Excellent writeup. Computer systems are discoverable. That attitude, along with some of the basic tools (such as strace, ltrace, man pages, debuggers and a compiler) and a willingness to dive into system source code go a long way. If your tracing leads you to a library call and you don't know what's going on inside, find the source code. If it's the kernel, load up lxr (http://lxr.linux.no/).
Very interesting. I spotted two minor problems with the posted code.
Doing this:
#define BUF_SIZE 1024 * 1024 * 5
to define a numerical constant is a bit scary, since depending on how the symbol is used it can break due to dependencies. It's better to enclose the value in parenthesis. Personally I would probably write the right hand side as (5 << 20).

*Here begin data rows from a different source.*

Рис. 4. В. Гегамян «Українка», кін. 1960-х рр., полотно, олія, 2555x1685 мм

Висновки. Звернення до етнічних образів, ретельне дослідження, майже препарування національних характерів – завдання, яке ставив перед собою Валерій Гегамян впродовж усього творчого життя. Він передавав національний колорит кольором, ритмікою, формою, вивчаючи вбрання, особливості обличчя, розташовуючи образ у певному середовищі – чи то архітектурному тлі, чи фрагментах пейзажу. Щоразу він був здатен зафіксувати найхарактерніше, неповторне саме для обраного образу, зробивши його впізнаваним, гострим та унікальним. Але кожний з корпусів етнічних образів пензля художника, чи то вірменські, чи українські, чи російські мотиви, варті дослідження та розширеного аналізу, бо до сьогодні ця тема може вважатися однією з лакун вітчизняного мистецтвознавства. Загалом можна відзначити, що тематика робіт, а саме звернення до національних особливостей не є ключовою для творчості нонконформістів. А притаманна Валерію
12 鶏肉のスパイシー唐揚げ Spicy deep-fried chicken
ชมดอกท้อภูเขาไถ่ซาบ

The first time the modification to skip entries with inode 0 is mentioned, the code is wrong:
I did this by adding
if (dp->d_ino == 0) printf(...);
This should use !=, not == (it's correct the second time, but this adds confusion).
On second thought (too late to edit), it's quite likely that I would not even bother with a define for this, but instead just set the size directly in the code, e.g. char buffer[5 << 20], then rely on sizeof buffer in the call where the buffer's size is needed. I prefer sizeof whenever possible.

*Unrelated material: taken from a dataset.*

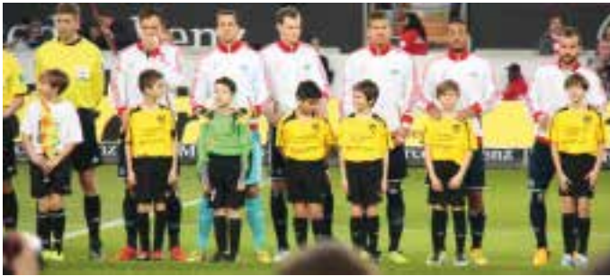
Begleiteten den HSV auf den Rasen in der MB-Arena: unsere E-Junioren

Using (5 << 20) instead of (5 * 1024 * 1024) is premature optimization. Modern C compilers will take the expression (5 * 1024 * 1024) and turn it into the combination of shifts and additions that are appropriate for your architecture.

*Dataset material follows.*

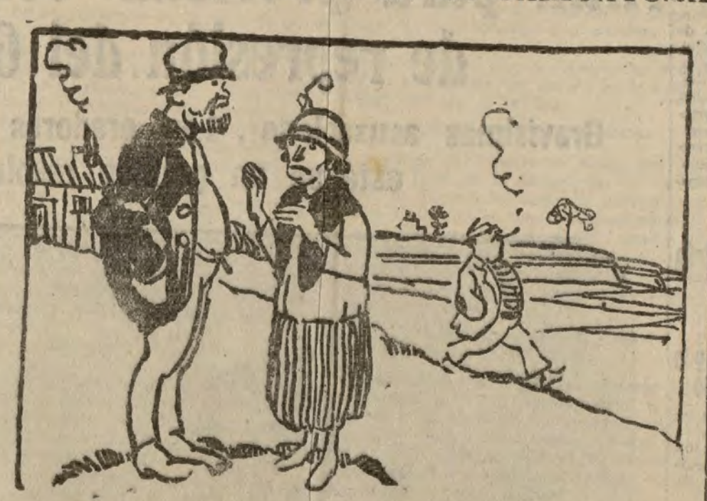
— Su familia trata de incapacitarle; no hace más que locuras; no se priva de nada; ayer se comió dos raciones de langostinos (De Le Journal).

And I definitely prefer defined constants for two reasons. One, it's likely you'll have to declare multiple such buffers in different places. Two, if I want to tune the parameter, I'd rather do it at the top of a source file with other such defined constants than hunting for the declaration in the code. I do agree that sizeof() is preferable when it's an option.
Correct, to me it's idiomatic. I realize it's not for everyone, so the ultimate best code is probably the way it was written ... On the other hand, sometimes it's fun to push the envelope just a tiny bit, and hope that readers will actually learn something from the code. But that's a thin edge to be balancing on.